▽

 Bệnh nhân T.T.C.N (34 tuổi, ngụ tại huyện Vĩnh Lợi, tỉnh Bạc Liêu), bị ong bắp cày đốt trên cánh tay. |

△
▽

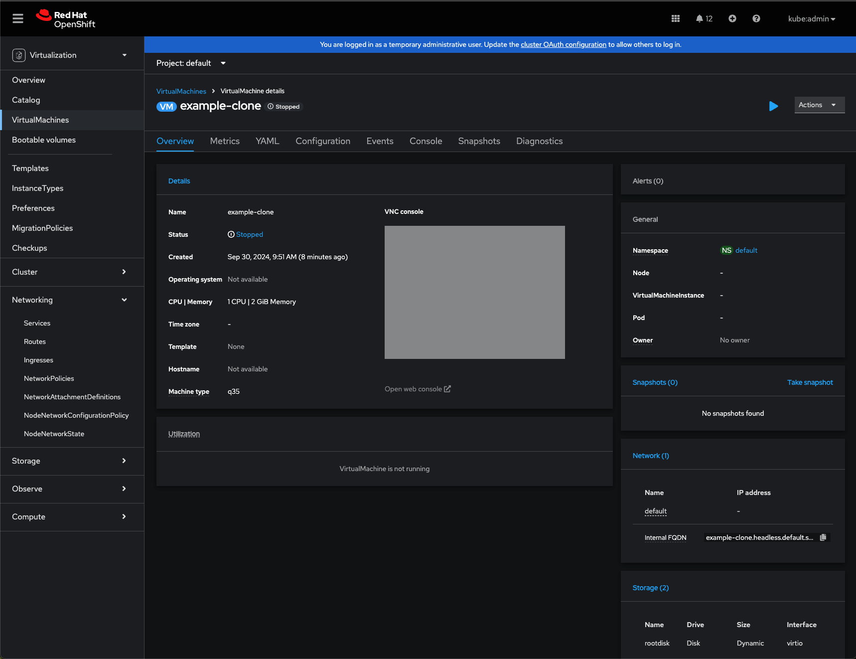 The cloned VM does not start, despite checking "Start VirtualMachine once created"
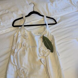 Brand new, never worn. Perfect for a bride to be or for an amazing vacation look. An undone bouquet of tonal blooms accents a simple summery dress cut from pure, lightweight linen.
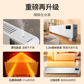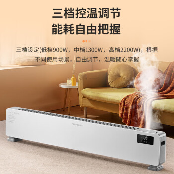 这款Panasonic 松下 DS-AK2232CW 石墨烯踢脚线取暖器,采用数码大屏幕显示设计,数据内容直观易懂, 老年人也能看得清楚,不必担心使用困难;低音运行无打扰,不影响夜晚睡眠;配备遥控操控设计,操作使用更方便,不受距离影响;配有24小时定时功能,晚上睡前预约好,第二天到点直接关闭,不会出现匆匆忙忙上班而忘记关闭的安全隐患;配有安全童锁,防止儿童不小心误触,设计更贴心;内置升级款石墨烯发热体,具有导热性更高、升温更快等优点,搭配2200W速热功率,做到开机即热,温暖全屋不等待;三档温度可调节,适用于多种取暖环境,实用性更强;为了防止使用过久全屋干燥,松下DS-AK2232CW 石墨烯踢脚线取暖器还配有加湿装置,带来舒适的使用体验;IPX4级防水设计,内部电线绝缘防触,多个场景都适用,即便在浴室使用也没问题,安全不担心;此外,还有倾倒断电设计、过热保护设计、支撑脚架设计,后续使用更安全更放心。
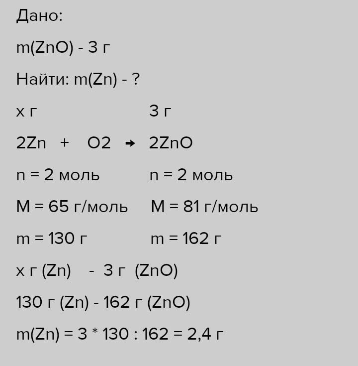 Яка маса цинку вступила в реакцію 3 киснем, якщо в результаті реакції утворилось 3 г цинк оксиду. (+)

△

Your reply should consist solely of the lines above from the line containing "这款Panasonic 松下 DS-AK2232CW" up to and including the line containing "Яка маса цинку", reproduced exactly, minus the pictures.

**WRITTEN REPLY:**
 这款Panasonic 松下 DS-AK2232CW 石墨烯踢脚线取暖器,采用数码大屏幕显示设计,数据内容直观易懂, 老年人也能看得清楚,不必担心使用困难;低音运行无打扰,不影响夜晚睡眠;配备遥控操控设计,操作使用更方便,不受距离影响;配有24小时定时功能,晚上睡前预约好,第二天到点直接关闭,不会出现匆匆忙忙上班而忘记关闭的安全隐患;配有安全童锁,防止儿童不小心误触,设计更贴心;内置升级款石墨烯发热体,具有导热性更高、升温更快等优点,搭配2200W速热功率,做到开机即热,温暖全屋不等待;三档温度可调节,适用于多种取暖环境,实用性更强;为了防止使用过久全屋干燥,松下DS-AK2232CW 石墨烯踢脚线取暖器还配有加湿装置,带来舒适的使用体验;IPX4级防水设计,内部电线绝缘防触,多个场景都适用,即便在浴室使用也没问题,安全不担心;此外,还有倾倒断电设计、过热保护设计、支撑脚架设计,后续使用更安全更放心。
 Яка маса цинку вступила в реакцію 3 киснем, якщо в результаті реакції утворилось 3 г цинк оксиду. (+)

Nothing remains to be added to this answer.